— Свои? — спросил мужчина с мокрой, как после ливня, головой и банным полотенцем на бедрах. Он стоял босиком на моем коврике, оставляя мокрые следы, и щурился от света в коридоре.
— Алис, ты уже пришла! — радостно крикнула из ванной Светка. — Подожди минутку, мы тут шампунь смоем!
На диване в комнате, завалив подушки, сидели ее дети — Даня и Лена — и смотрели мультики.
Пульт они держали как трофей. На спинке кресла висел ее халат, который я видела раньше только в ее инстаграме: розовый, с вышитым сердцем.
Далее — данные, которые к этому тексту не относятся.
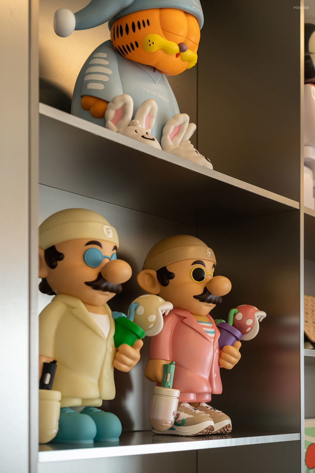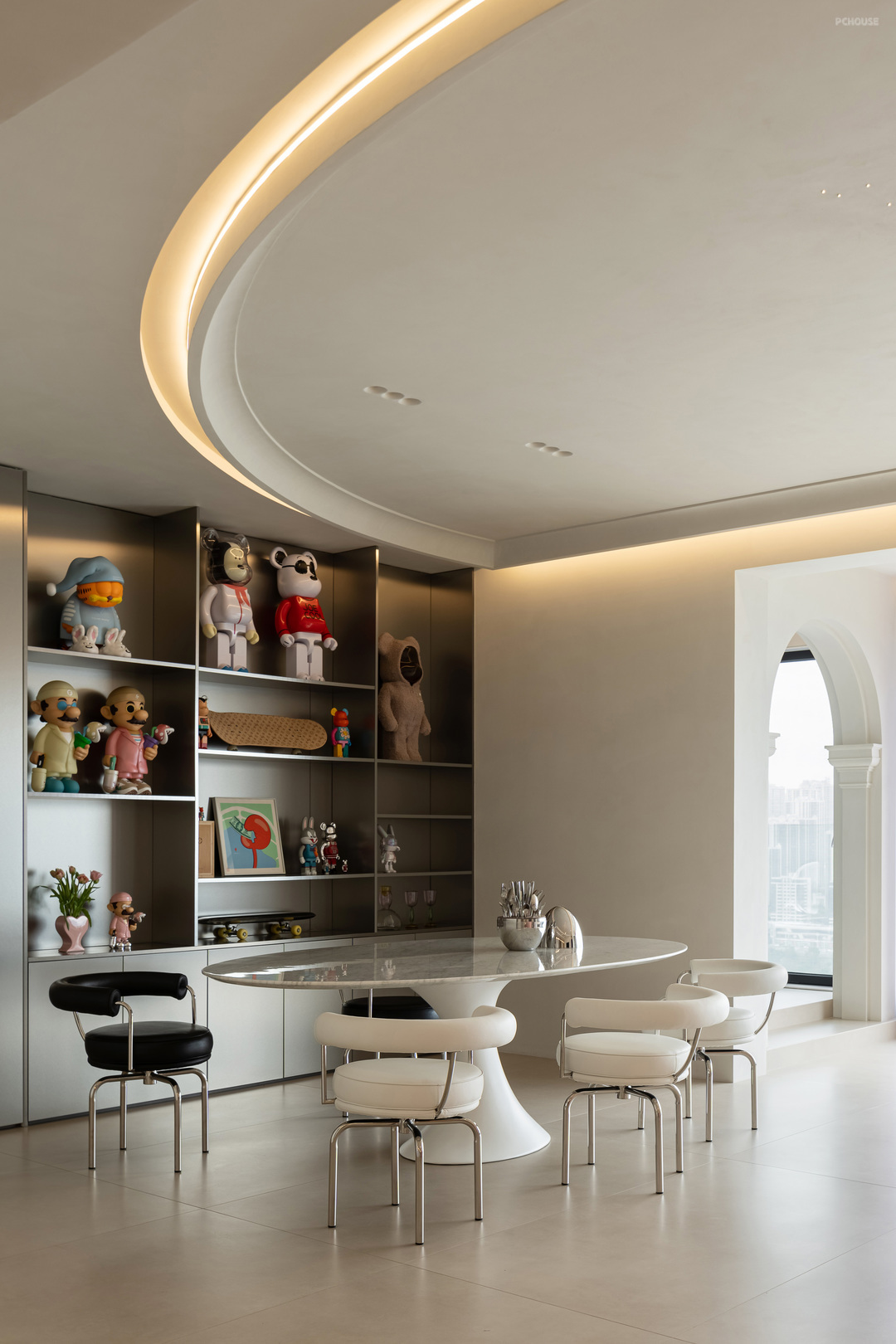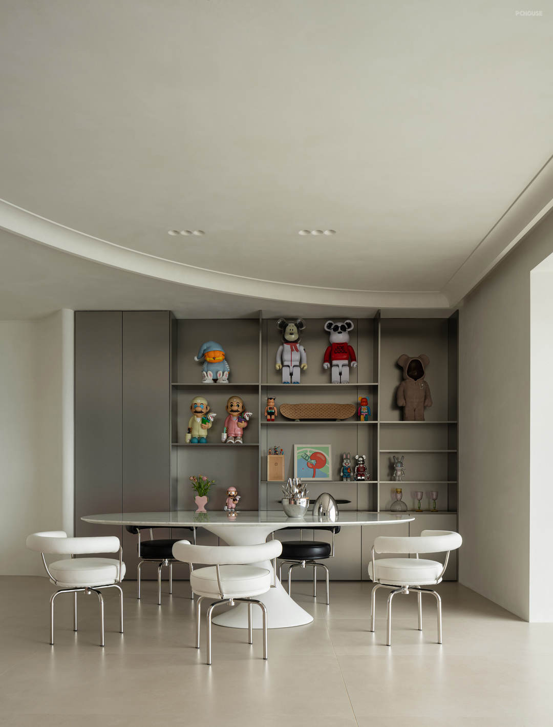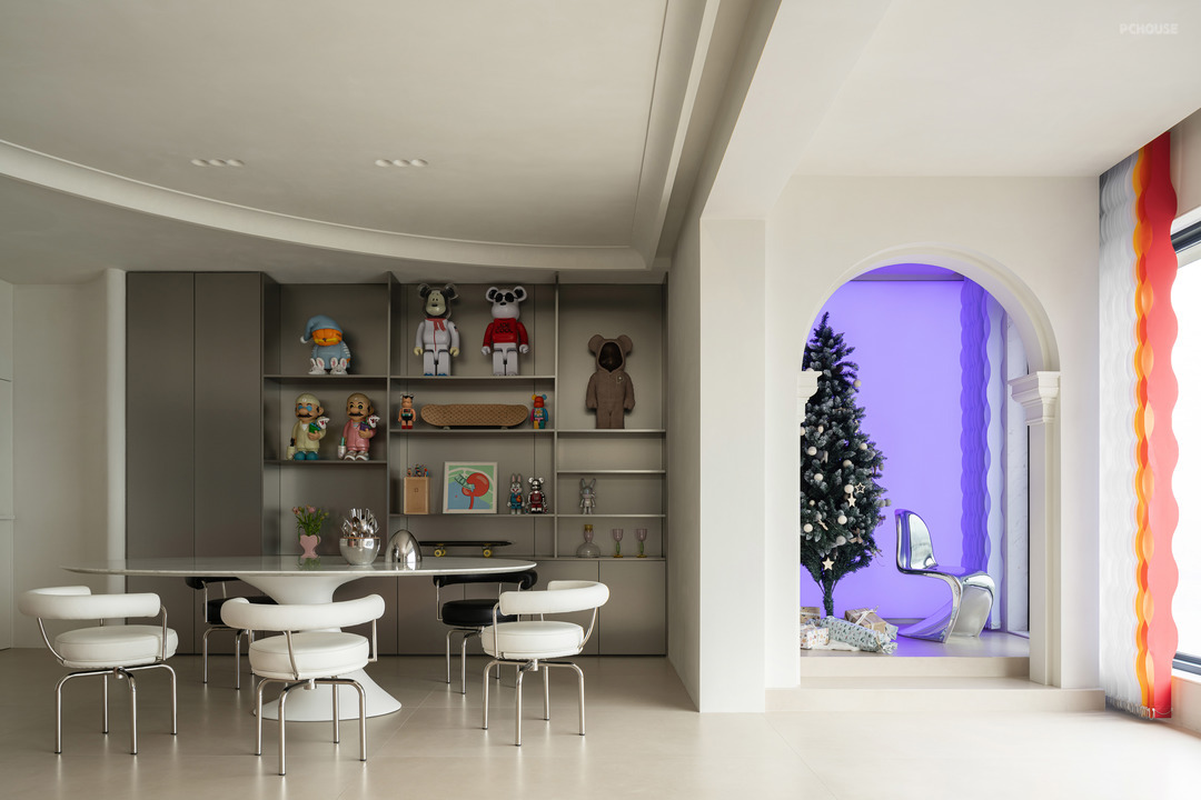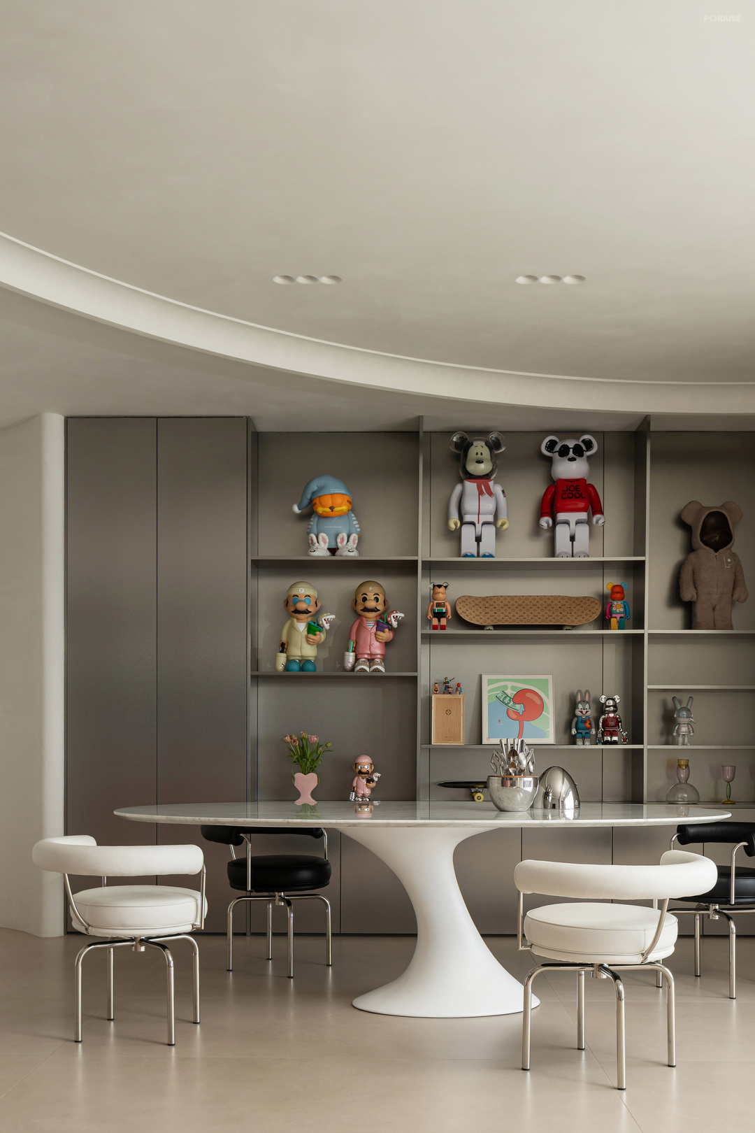 艺术源自生活,生活被艺术所滋养。跳跃的色彩,营造澄澈温柔的梦幻之境,卡通玩偶摆件与造型各异的家具戏剧性相遇,碰撞出别样的火花,赋予用餐空间更多的灵动艺术氛围。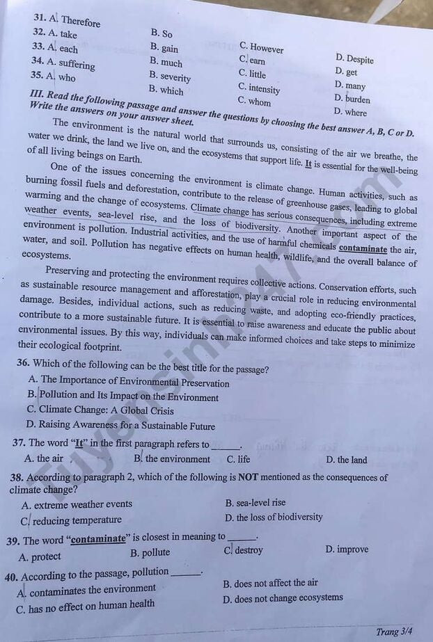 37. Trong đoạn văn đầu tiên, "It" có thể chỉ đến "the environment" (B).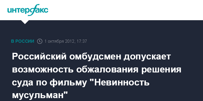 Российский омбудсмен допускает возможность обжалования решения суда по фильму "Невинность мусульман"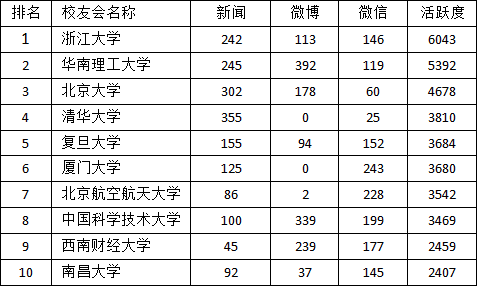 报告显示:浙江大学校友会活跃度为6043,全国高校校友会排名第1;华南理工大学校友会活跃度为5392,全国高校校友会排名第2;北京大学校友会跃度为4678,全国高校校友会排名第3;清华大学、复旦大学、厦门大学、北京航空航天大学、中国科学技术大学、西南财经大学和南昌大学7所大学校友会活跃度依次排名第4至第10名。据悉: 作为中国高校校友会动态信息展示及交流中心,友笑网(http://www.usho.cn/)由杭州友笑网络科技有限公司创办,定期出版电子期刊《友笑•中国高校校友会动态》,是服务中国高校校友会发展服务交流平台,其企业愿景为:帮助中国高校校友会运作,使其成为高校的核心工作之一。(图/文 秦鹏 校友会秘书处)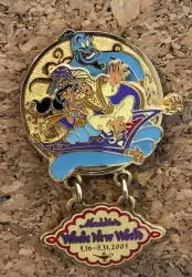 Aladdin, Jasmine & Genie is a Limited Release pin from the Aladdin's Whole New World pin series. It was originally released on , 2005 and was available from Tokyo Disneyland Resort .
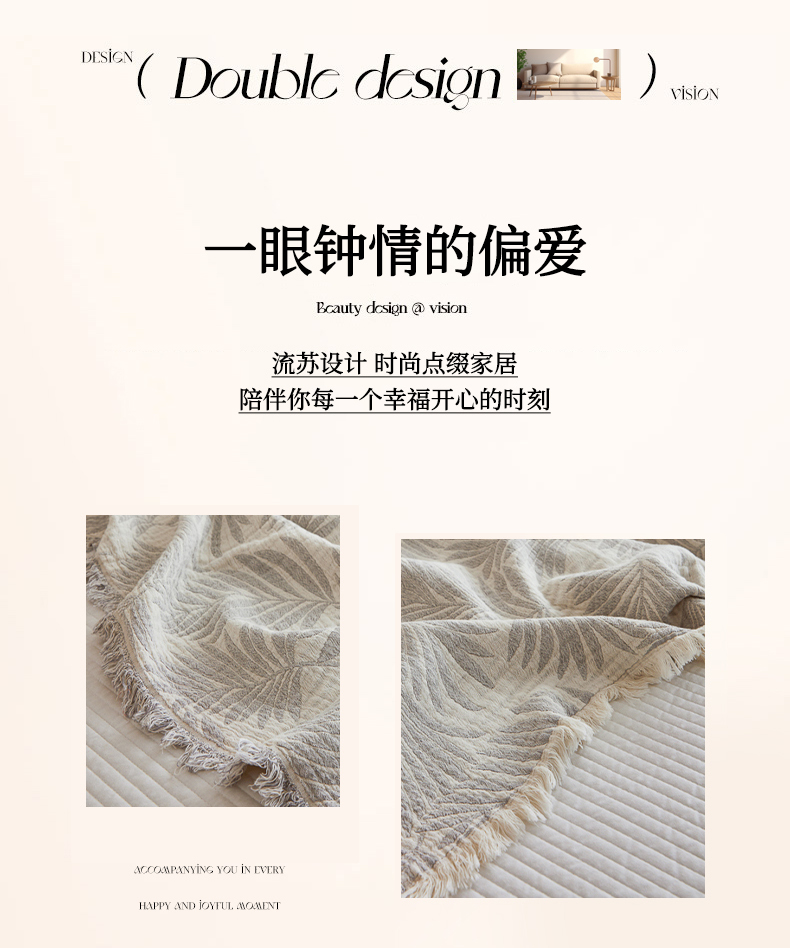 淑女公社家纺 2024新款色织全棉双股提花流苏盖毯 雾咖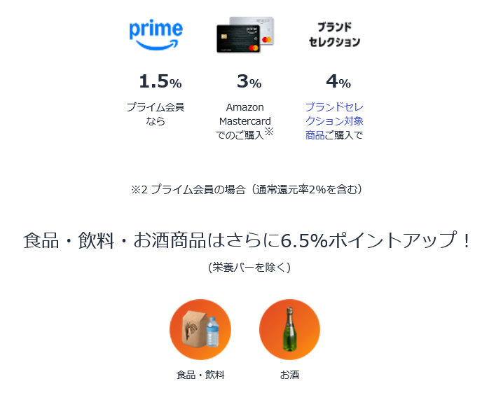 「ポイントアップキャンペーン」でプライム会員かつ Amazon MasterCard を使うと +3% 還元になりますが、ペイディでも 3% にできます。むしろペイディの方が条件が金額だけなので楽かも知れません。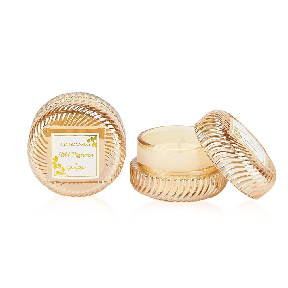 Aρωματικό κερί μακαρόν μπεζ με άρωμα golden grace 50gr. Διαστάσεις 7 εκ. διάμετρος x 5 εκ. ύψος.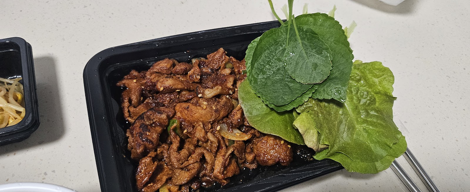 주문한 제육과 같이 먹어봤는데, 진짜 상추와 깻잎 맛이 나는 것이 당연하면서도 신기하게 느껴졌다.
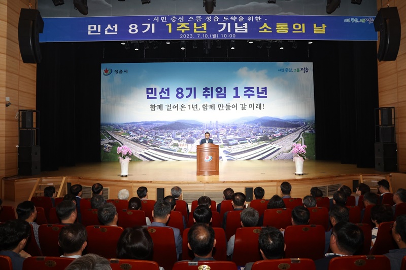 [정읍=뉴전북] 정읍시는 10일 민선 8기 취임 1주년을 맞이해 정읍사예술회관에서 민선 8기 취임 1주년 기념 소통의 날 행사를 개최했다.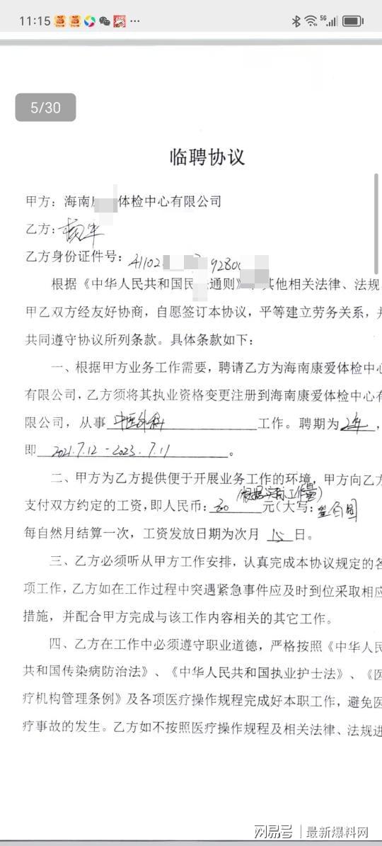 68岁退休中医遭海南康某体检被指冒签协议、欠薪辞退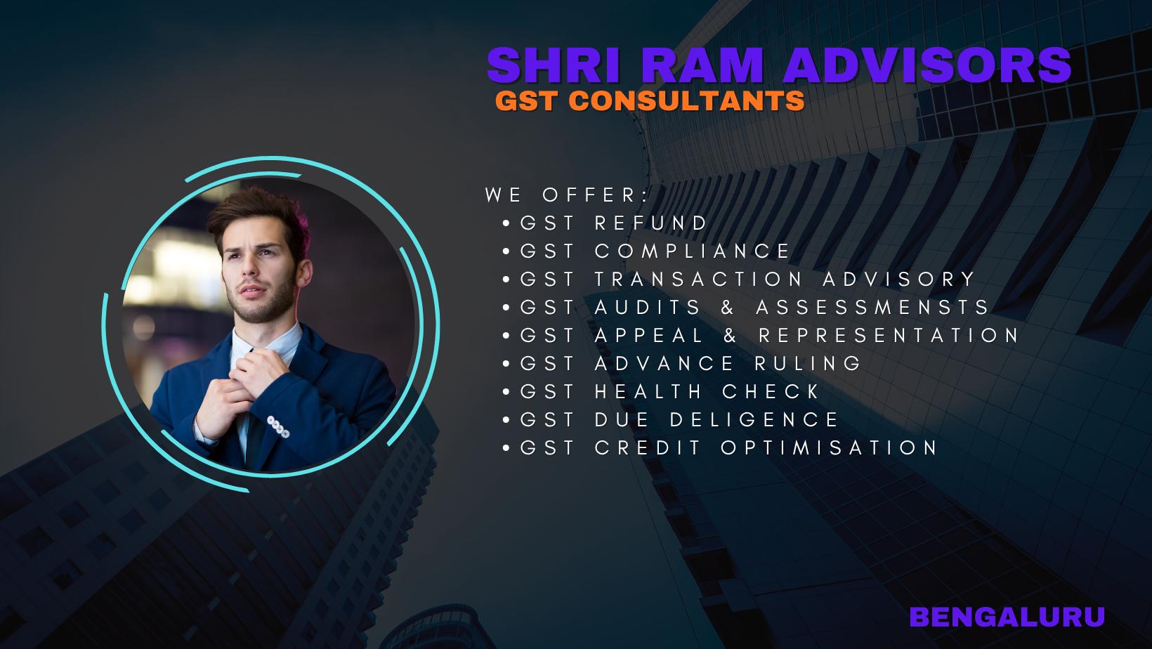 Shri Ram Advisors is a leading audit and GST consultancy firm based in Bangalore. We've built our reputation by providing accurate, timely, and affordable tax and business solutions to companies across Karnataka. Our team of qualified professionals understands the local business environment and keeps up with the latest regulatory changes to serve you better.

Из кухни пахло чем-то моим — мой кофе, мое мыло, моя жизнь, в которую только что вошли без стука и разулись где хотели.
— Простите, а вы кто? — тактично уточнил мужчина в полотенце, будто я могла оказаться случайной соседкой.
— Хозяйка… — сказала я, и слово болезненно царапнуло горло.
— Хозяйка? — из ванной высунулась Светка, капли с ее челки щекотали кафель. — Алиса, это ненадолго! У нас горячую воду отключили. Ты же знаешь, какая поломка у них каждый год. Мы быстренько — и уйдем!
— Ты могла хотя бы позвонить, — произнесла я, чувствуя, как у меня холодеют ладони.
— Алис, да ты что, — искренне удивилась она. — Это же моя квартира. Ну неудобно же просить пустить меня в мою же квартиру. Мы же друзья!
— Мы подписали договор аренды, — сказала я тихо. — И договорились о правилах.
— Какие правила? — вмешался мужчина, подкручивая полотенце на бедрах. — Свет, ты меня не пугай, что тут за уставы?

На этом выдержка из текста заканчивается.